La palabra era importante para Magritte, como el juego de los títulos evidencia: la usaba como otra forma de desalojo, brecha entre la dimensión pictórica y un nombre –a menudo con resonancias filosóficas– que nunca la describe. Empero, sus obras más contundentes son aquellas en las que la palabra está pintada. Por supuesto, la estrella entre estas es su notoria pipa de La traición de la imagen (1928-1929): parece superfluo describirla, pero lo hago en honor al pleonasmo, posiblemente querido por Magritte y presente en el cuadro: bajo un elemental dibujo de una pipa, la leyenda “esto no es una pipa”. Redonda y desconcertante solución gráfica para ilustrar la eterna lucha entre representación, lengua (símbolo) y realidad, y la imposibilidad de asir plenamente las tres; citada o evocada hasta el cansancio (aun en obras uruguayas y, obviamente, en el título de esta nota). Ya popular, fue catapultada a nuevos niveles de notoriedad (sobre todo académica) en los 60, cuando Michel Foucault le dedicó un libro para desmontar la confiabilidad de los enunciados.

Magritte utiliza un estilo neutro en “la pipa” y sus variantes, y en otras piezas que retoman ideas parecidas, como las de La clave de los sueños (1927-1930), casillas con imágenes y leyendas que no se corresponden, salvo en un caso. Mucho del poder para desviar al espectador de sus caminos pavimentados de lugares comunes reside, justamente, en ese estilo cristalino, aparentemente inequívoco, y por eso ideal para vehicular equívocos.

Paréntesis estridente

Si dicha claridad, casi cartesianismo figurativo, al servicio de lo perturbador (que tuvo, claro, antecedentes, como la metafísica de Giorgio de Chirico, bien conocida por Magritte), siempre fue el punto fuerte del pintor, no extraña el malestar que causaron, tanto en el público como en la crítica, dos breves fases –el “período Renoir” y el “período Vache”– en las que el artista exploró formas de pintar que parecen recargar tanto el impresionismo como el expresionismo.
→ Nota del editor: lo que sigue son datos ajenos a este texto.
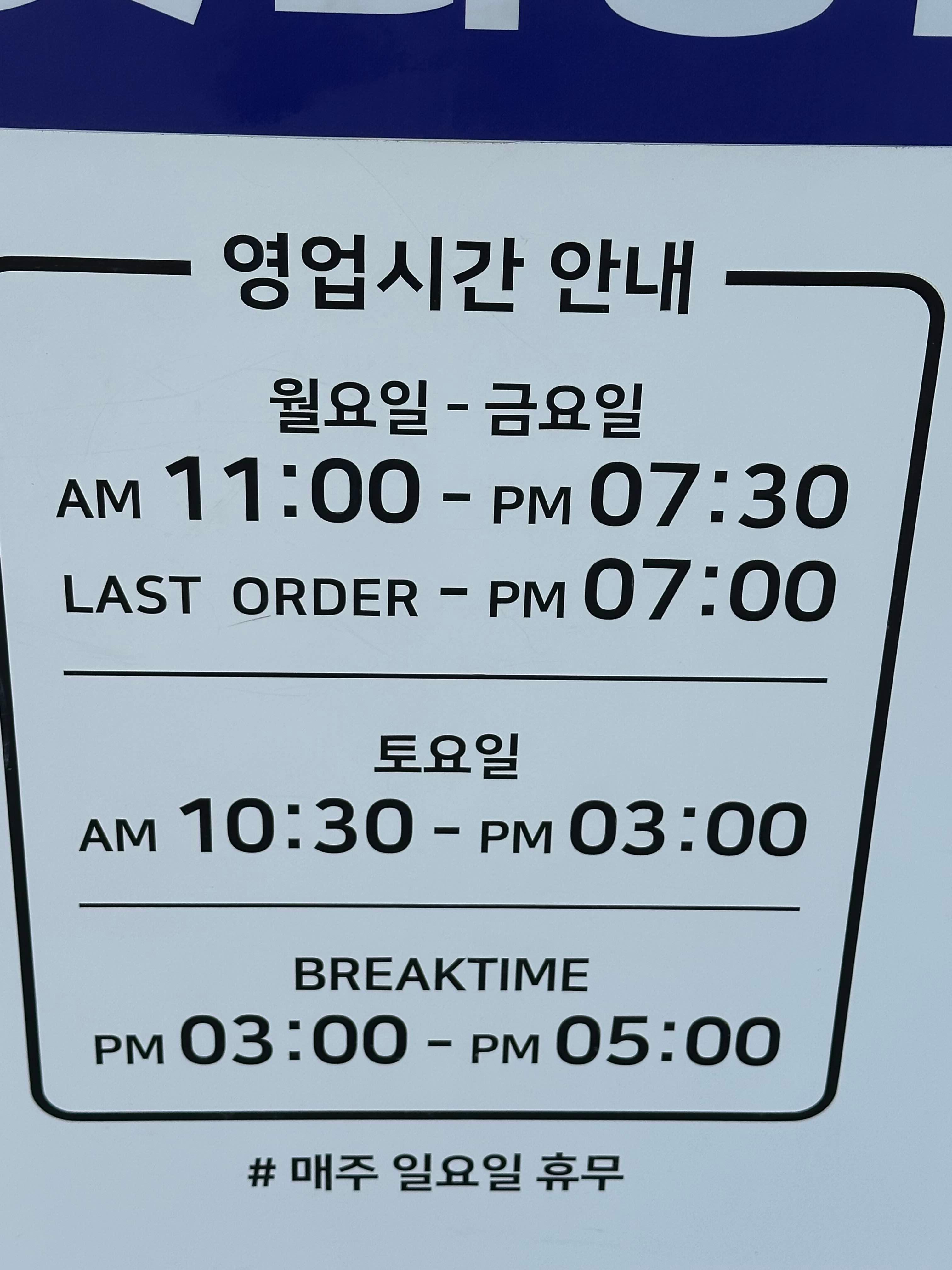 식당 영업시간입니다. 매주 일요일은 휴무이오니 참고하세요

En los años 40, Magritte se dirige hacia un lirismo inédito y molesto para muchos, incluso después de varios años: es significativa la definición de Robert Hughes a fines de los 70 de esa producción como “pesados mazacotes” de ardua digestión. Las telas “Renoir” –de 1943 y 1944, en plena guerra, y que por ende huyen, con su liviandad y colores brillantes, de lo sombrío del momento– se valen de pinceladas borrosas, tonos encendidos y una clara referencia al viejo pintor francés, no abandonando (pero sí diluyendo) el contenido “misterioso” típico de su estilo: el kitsch se filtra peligrosamente en lienzos como El primer día, en el que un violinista toca para una bailarina liliputiense que danza en su falda o El universo prohibido, con su sirena acomodada en un sofá. Más radical aun es la serie “Vache” (cuya influencia colorista parece ser la de Matisse), creada burlonamente adrede para su primera muestra personal parisina, en 1948: descuido total del trazo, irresolución, velocidad de ejecución (en vez del habitual detenimiento), una especie de condensación de todo lo que se puede considerar mala pintura, cuyo apogeo tal vez sea El mutilado, retrato de un barbudo de cuyo rostro brotan pipas como si fuesen excrecencias, frutos de alguna enfermedad rara. Fue rechazada unánimemente por crítica y público en su momento (tanto que el belga volvió de inmediato a su estilo habitual), pero probablemente “estudiada” en los 80 por los integrantes de la ola neoexpresionista en virtud de su “suciedad”.

Se puede cuestionar si las imágenes de Magritte conservan, aunque sea parcialmente, el potencial de fascinación que tenían cuando aparecieron por primera vez, sobre todo a causa de la explotación de su imaginario en el campo publicitario, o el uso casi salvaje de reproducciones de sus cuadros en cada ámbito imaginable. Posiblemente no, pero su vaticinio de 1959 puede considerarse cumplido: “Mi pintura no es otra cosa que la descripción (que renunció a la originalidad y a la fantasía) de un pensamiento cuyos términos son figuras del mundo visible. Estas figuras se reúnen en un orden que no puede dejar indiferente a nadie”. En efecto, nadie quedó indiferente.